Task objective:
As the answer, give exactly the lines of the records below from the one with "A focus on natural" through the one with "Auch die Mohnfelder", ends included and pictures left out.

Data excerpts
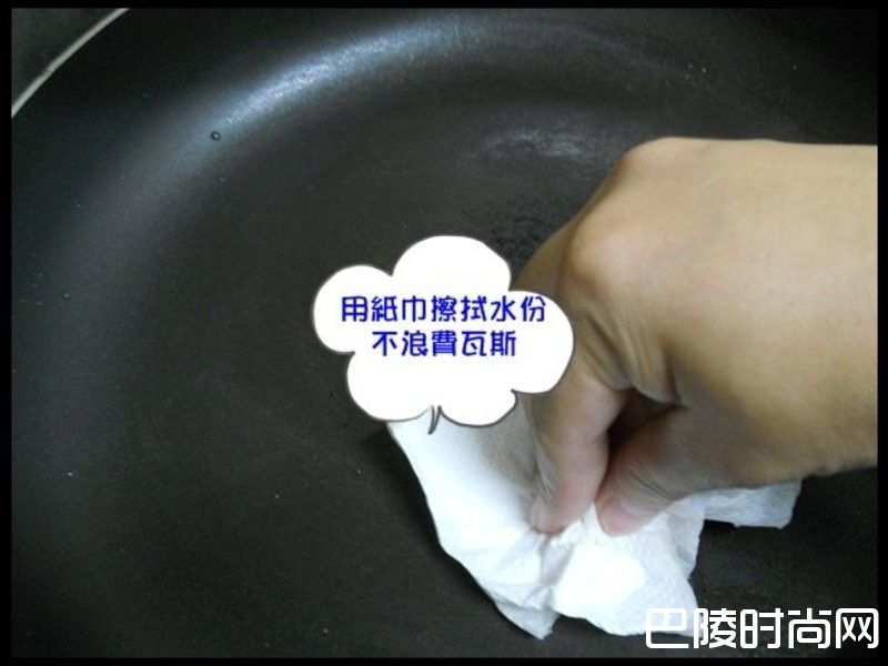 2先用纸巾擦锅底水分,锅子比较不会太热,也不会浪费瓦斯
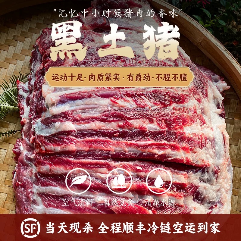 【顺丰包邮】10斤 农家散养黑土猪肉 d
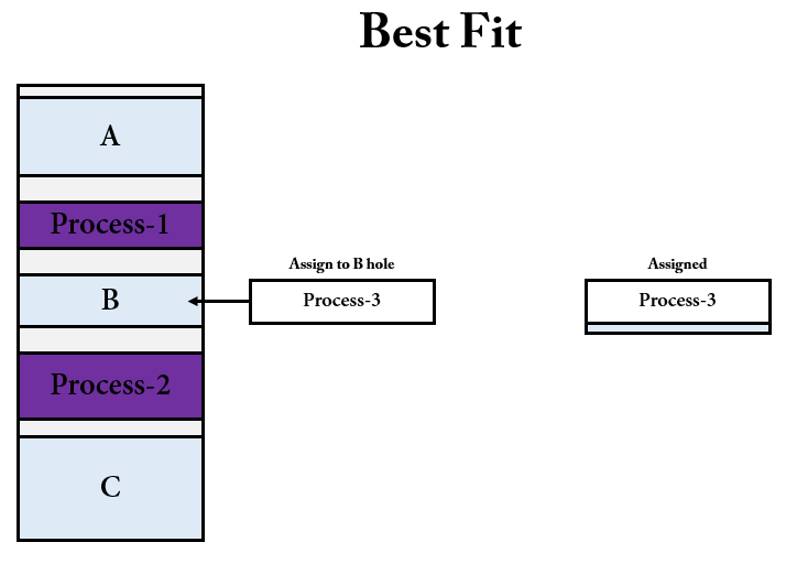 - 가장 적합한 가용 가능한 hole 을 찾아서 할당하는 방법을 의미한다.
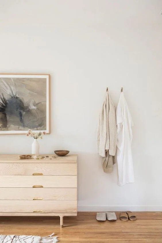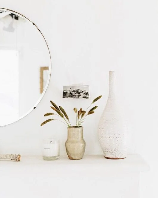 A focus on natural textures, touches of warm wood and soft tones (I'm really loving pale sage green right now), with simple lines.
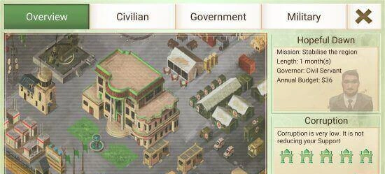 Нанимайте коалиционные войска, формируйте местные отряды, используйте авиацию и беспилотники для разведки. Главное - не переусердствовать с военной силой, иначе население начнет вас бояться больше, чем повстанцев.
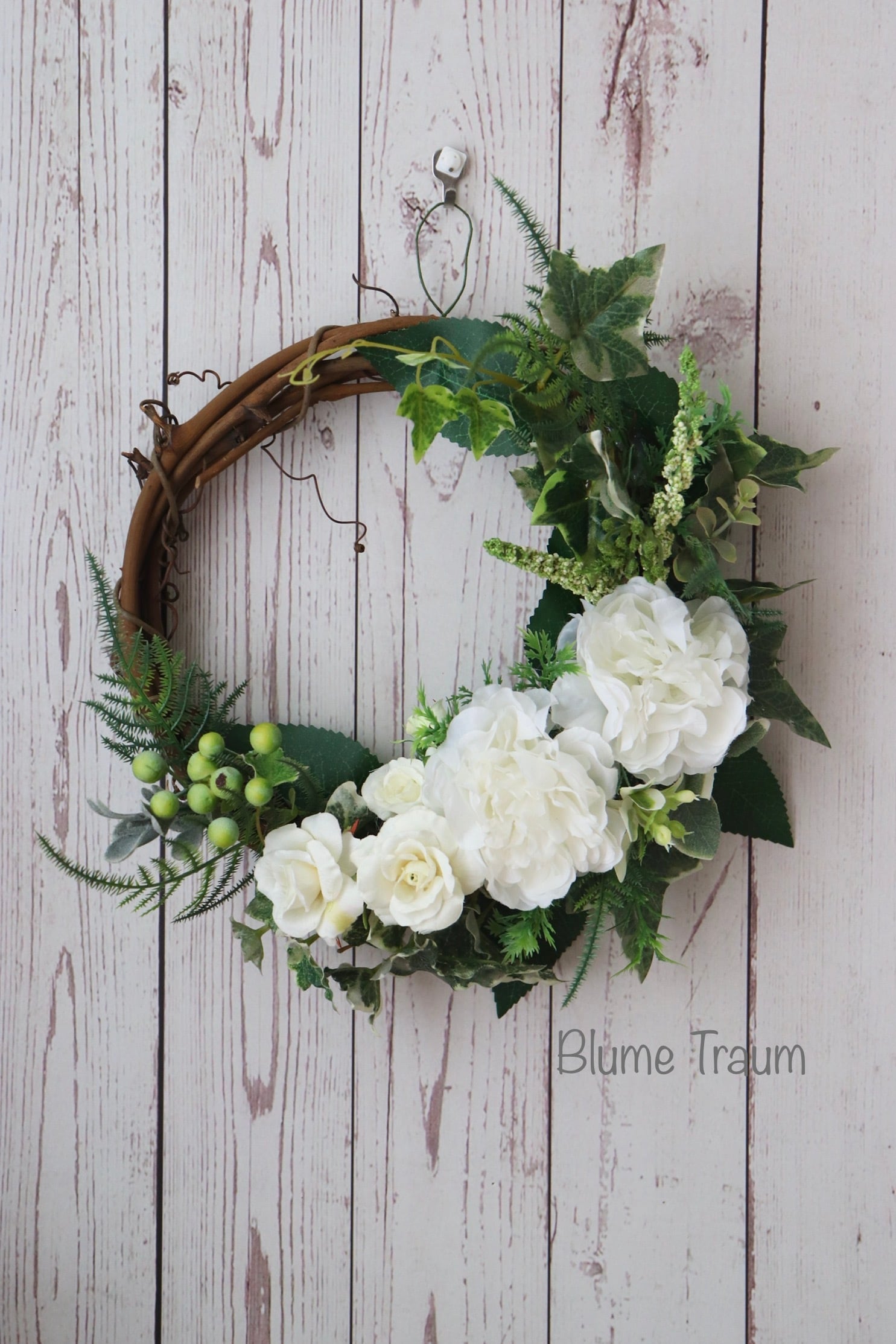 ★Blume Traum★27cm ホワイト×グリーンのハーフリース、新居祝い、インテリア、アートフラワー、造花
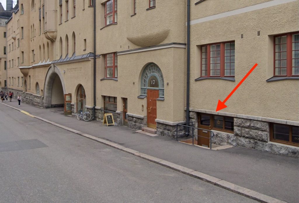 Albertinkadulta johtaa lyhyet portaat alas suoraan katutasossa olevalle sisäänkäynnillemme.
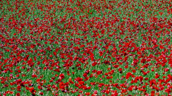 Auch die Mohnfelder blühen in voller Pracht. Die Aufnahmen der Felder entstanden am 17. Mai 2020 bei Avenches.
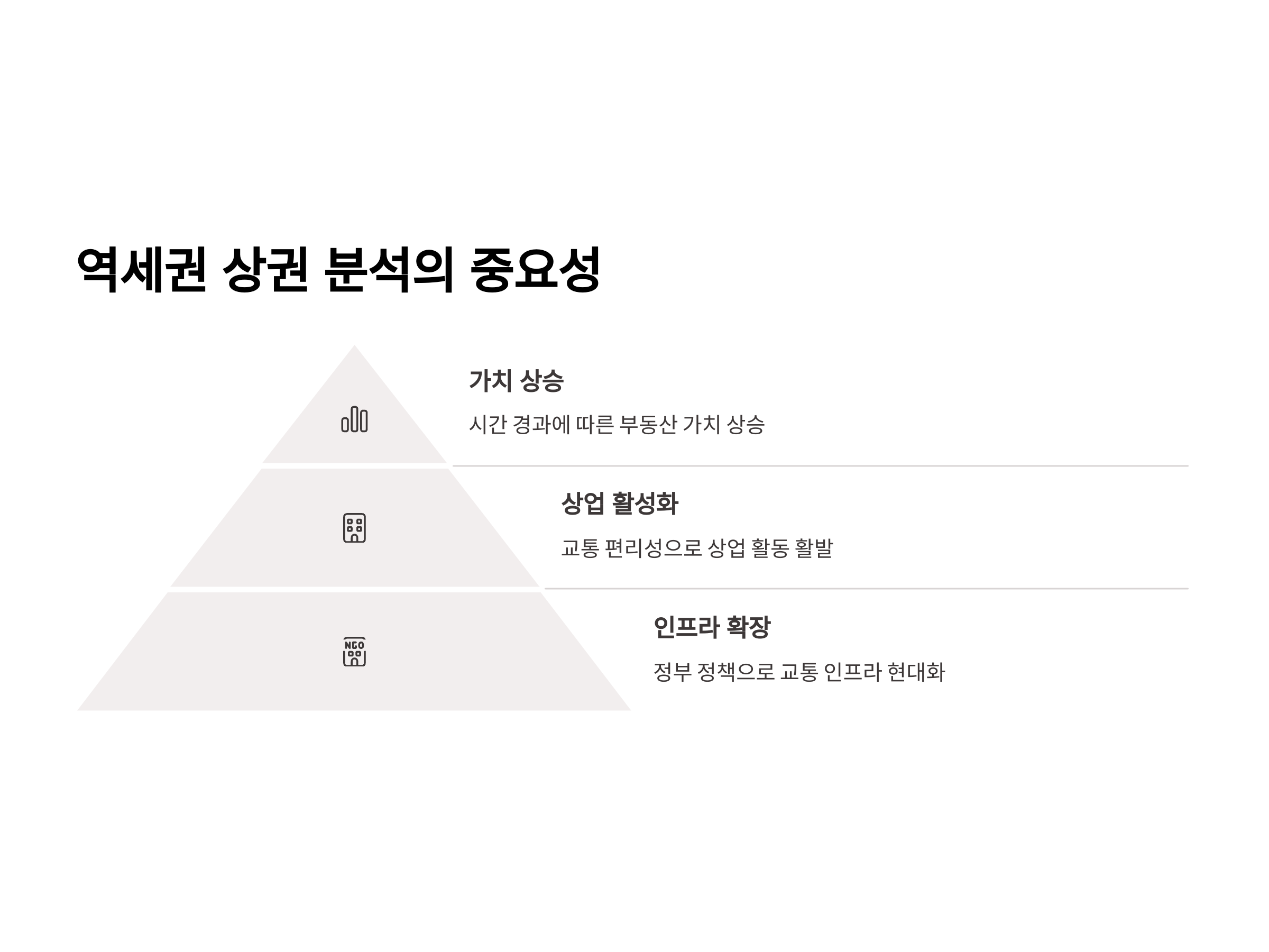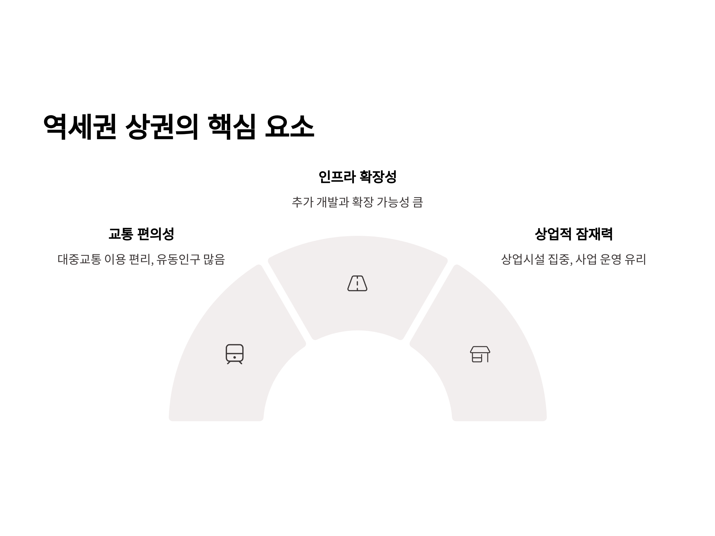 역세권 상권의 핵심 요소는 크게 세 가지로 나눌 수 있습니다. 첫째, 교통 편의성입니다. 사람들이 편리하게 대중교통을 이용할 수 있는 위치에 상업시설이 집중되기 때문에, 역세권 주변은 항상 사람들이 많이 오가는 지역입니다. 둘째, 인프라 확장성입니다. 역세권은 대개 교통 인프라가 발달한 지역이므로, 추가적인 개발과 확장 가능성이 크다는 장점이 있습니다. 셋째, 상업적 잠재력입니다. 역세권은 상업시설이 집중되는 경향이 있기 때문에, 사업 운영 측면에서도 매우 유리한 위치를 점하고 있습니다.
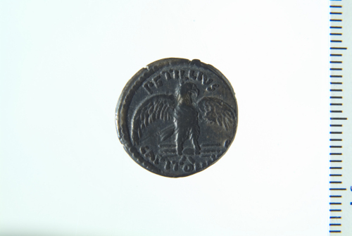 Dritto: Aquila ad ali spiegate su fulmine rivolta a d.; contorno perlinato. Rovescio: Fronte del tempio capitolino esastila decorata con festoni; sul tetto statue di bighe alle estremità e di una quadriga al centro; contorno perlinato

Answer box:
 A focus on natural textures, touches of warm wood and soft tones (I'm really loving pale sage green right now), with simple lines.
 Нанимайте коалиционные войска, формируйте местные отряды, используйте авиацию и беспилотники для разведки. Главное - не переусердствовать с военной силой, иначе население начнет вас бояться больше, чем повстанцев.
 ★Blume Traum★27cm ホワイト×グリーンのハーフリース、新居祝い、インテリア、アートフラワー、造花
 Albertinkadulta johtaa lyhyet portaat alas suoraan katutasossa olevalle sisäänkäynnillemme.
 Auch die Mohnfelder blühen in voller Pracht. Die Aufnahmen der Felder entstanden am 17. Mai 2020 bei Avenches.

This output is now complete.